The court ultimately determined that the potential complications and adverse circumstances that would arise from inconsistent judgments in separate actions justified the use of a mandatory class action in this case under Fed. R. Civ. P. 23(b)(1), which does not allow for class members to “opt-out” of the action. For instance, what would the Receiver do if separate actions were filed and one found a fraudulent transfer occurred while another found that no fraudulent transfer occurred? How would that impact the Receiver’s ability to enforce judgments obtained against some defendants or settle any outstanding claims? Accordingly, the court concluded that “[w]hile [it] is mindful of due process concerns as well as other problems specific to defendant class actions, [it] is firmly convinced a class action is the only means to reasonably and efficiently resolve the Receiver’s claims against 9,400 Net Winners.”

Who Will Foot the Bill?

In the typical plaintiff’s class action, the plaintiff’s attorney’s fees are recovered, to some extent, from the class damages awarded or otherwise through a court award. The defendants in a typical class action foot their own bill. Interestingly, the named defendants in Bell argued against class certification, in part, based on their inability to fund the class litigation. The court pushed back, noting that their “protestations of poverty ring hollow in light of the fact that together they won over $11 million in profits from ZeekRewards.” But, given the nature of the lawsuit, the court also reiterated that the plaintiff Receiver would be required to help pay for the defense for the class.

Will We See Another Defendant Class Soon? 

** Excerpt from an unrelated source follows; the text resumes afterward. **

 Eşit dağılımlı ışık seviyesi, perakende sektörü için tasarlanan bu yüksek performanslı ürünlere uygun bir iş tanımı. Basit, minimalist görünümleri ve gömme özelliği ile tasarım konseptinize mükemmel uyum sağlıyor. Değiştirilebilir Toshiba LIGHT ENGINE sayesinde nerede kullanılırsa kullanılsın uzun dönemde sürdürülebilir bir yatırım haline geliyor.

Although the defendant class is not common, it has been put to use in a variety of contexts that are more commonplace than the Ponzi scheme scenario in Bell. For example, defendant classes have been certified in cases brought by trustees against shareholders in the context of bankruptcy proceedings based on fraudulent transfer of securities or dividends, and in employment benefits cases where a company sues a class of current or former employees for declaratory judgment regarding the company’s E.R.I.S.A. benefits obligations. Defendant classes also have been cited as being used to resolve intellectual property disputes, and in civil rights cases, state constitutional challenges, and suits against labor unions. Recently, plaintiff Lehman Brothers Special Financing, Inc. filed a motion to certify a defendant class in a bankruptcy proceeding contesting the priority of certain noteholders to receive payments ahead of Lehman Brothers. The motion is still pending in the bankruptcy court, Case No. 10-03547 SCC (Bankr. S.D.N.Y.).

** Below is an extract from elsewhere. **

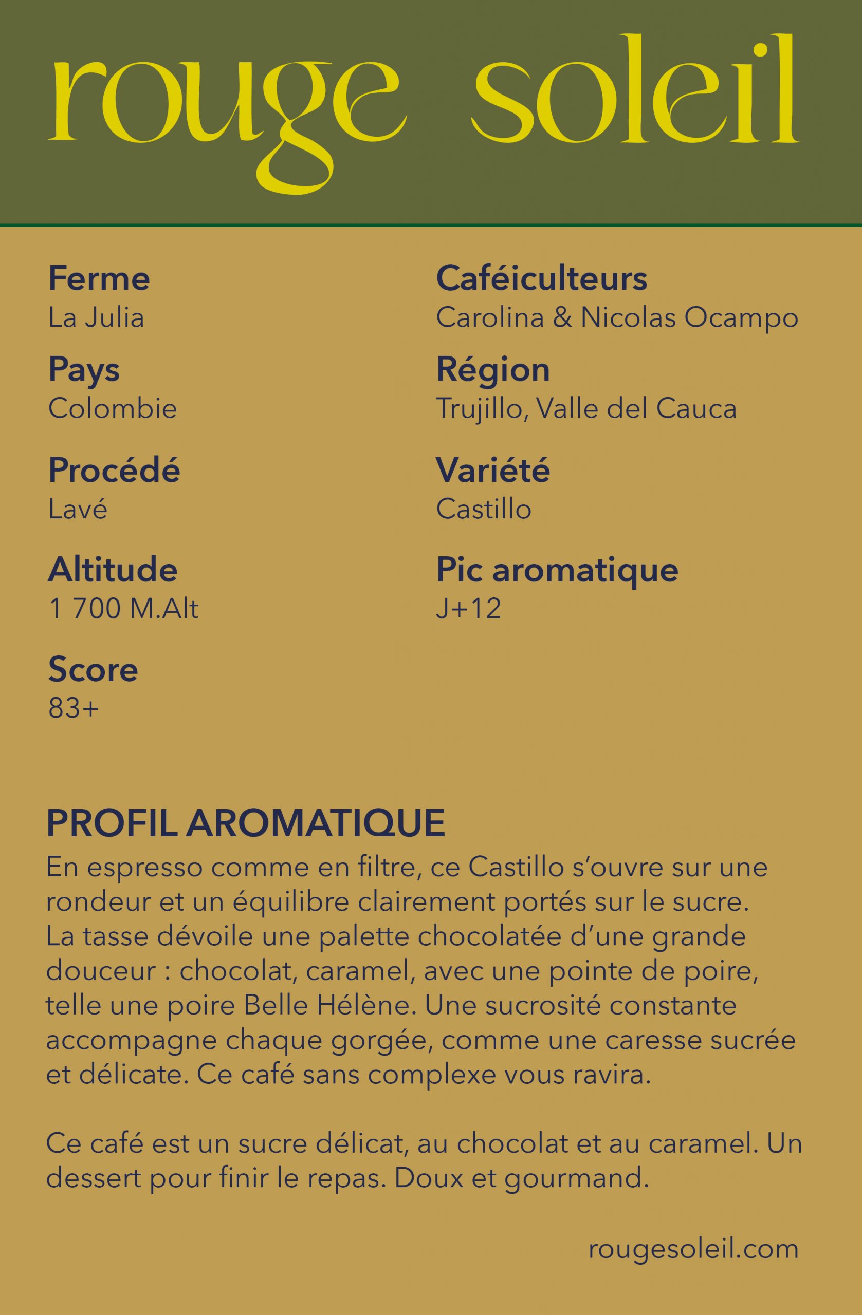En espresso comme en filtre, ce Castillo s’ouvre sur une rondeur et un équilibre clairement portés sur le sucre. La tasse dévoile une palette chocolatée d’une grande douceur : chocolat, caramel, avec une pointe de poire, telle une poire Belle Hélène. Une sucrosité constante accompagne chaque gorgée, comme une caresse sucrée et délicate. Ce café sans complexe vous ravira.

Despite the infrequency of defendant classes, there are many scenarios in which a defendant class might be useful. In consultation with counsel, plaintiff companies should consider whether pursuing certification of a defendant class would serve their interests. They should also be prepared to meet with opposition by defendants, as with any class certification motion, and potentially by the courts. Even though the Bell court was convinced that the defendant class was the only means to resolve that case, another federal court recently denied such a motion, referring to it as “a seldom seen litigating gambit.”